# San Fran's Americana Ring, by Zambello.



## AmericanGesamtkunstwerk (May 9, 2011)

I want to know more about this production. does anyone have an insider information i.e. they're near San Fran and they managed to see it? I am very interested in it. What are the chances of it getting a dvd? is it more of a draw musically or conceptually/visually or does it pull off both equal? Are they running it ever again after the 2011 season?


----------



## Almaviva (Aug 13, 2010)

No clue. I'd be curious to learn about it as well.


----------



## MAnna (Sep 19, 2011)

I didn't attend the full ring cycle as I am not a Wagner fan but I did attend the Das Rheingold production twice (once in an earlier year) and I also attended the Die Walkure production from the year before.

The Valhalla concept was taken from the 1930s skyscrapers that spoke to the American dream - and eventually the misuse of it. Earlier concepts focused on economic and political decline. Here the the emphasis was on despoliation of the environment. The idea is that, at the beginning of the Ring, an idealized landscape is shown and as the cycle proceeds it darkens and decays to the point where the world is void of anything known to live - destroyed by our own making. 

Admittedly, I have not seen any other Ring Cycles but I was quite impressed by the underground caverns of Nibelheim, the capture of Alberich and the use of children as Nibelungs. 

The finale of Die Walkure employed real fire created by a perforated pipe filled with gas running around the edge of the set which was progressively lit. Wotan and Brunnhilde wore special flame-retardant costumes.

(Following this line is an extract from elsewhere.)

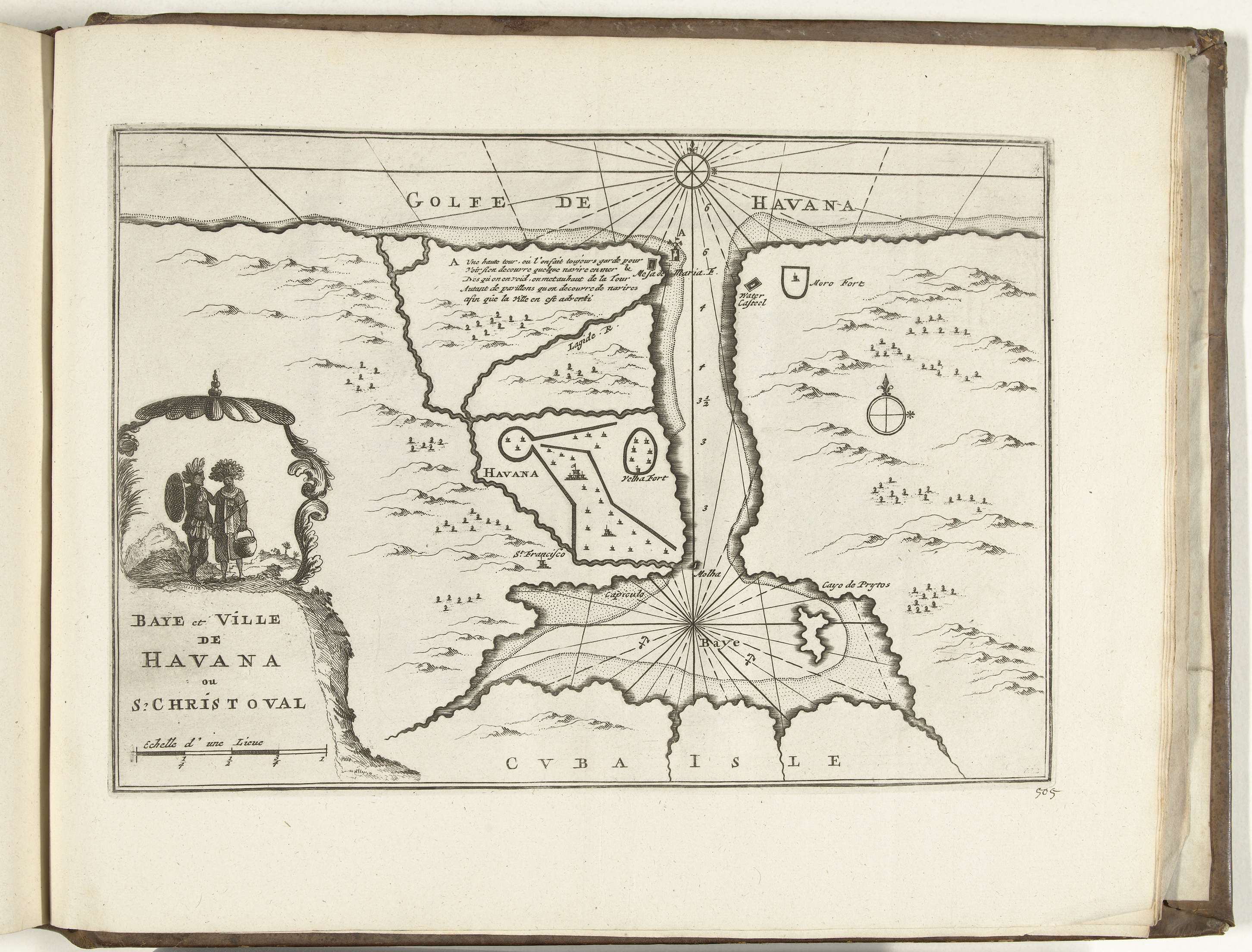 Kaart van Havana en de baai op Cuba, 1726

As the world of the gods was considered a war zone, the actual images of American soldiers who died in the Civil War, WWI, WWII, Iraq and Afghanistan were projected in the background during this scene. 

Marl Delavan sang Wotan and improved from the first time I saw him sing the role. He had stamina issues in Die Walkure. Nina Stemme sang Brunnhilde and was nearly universally well-received. For me, Stefan Margita's singing as Loge was to die for. Larissa Diadkova was supposed to sing Fricka but bowed out due to personal reasons.

Don't have any information on whether it will be released on DVD but I imagine I would have heard something by now if so. The facility does have HD recording capability and I have seen some rebroadcasts of SFO's recent productions, but none of them come from the Ring Cycle.


----------



## Chi_townPhilly (Apr 21, 2007)

Nice paragraph, this:


MAnna said:


> The finale of Die Walkure employed real fire created by a perforated pipe filled with gas running around the edge of the set which was progressively lit. Wotan and Brunnhilde wore special flame-retardant costumes. As the world of the gods was considered a war zone, the actual images of American soldiers who died in the Civil War, WWI, WWII, Iraq and Afghanistan were projected in the background during this scene.


... and pretty much characteristic of the general flow there. You're not so much guided through the producer's conceptions as dragged through them, at the end of thoroughly-cinched tether.


----------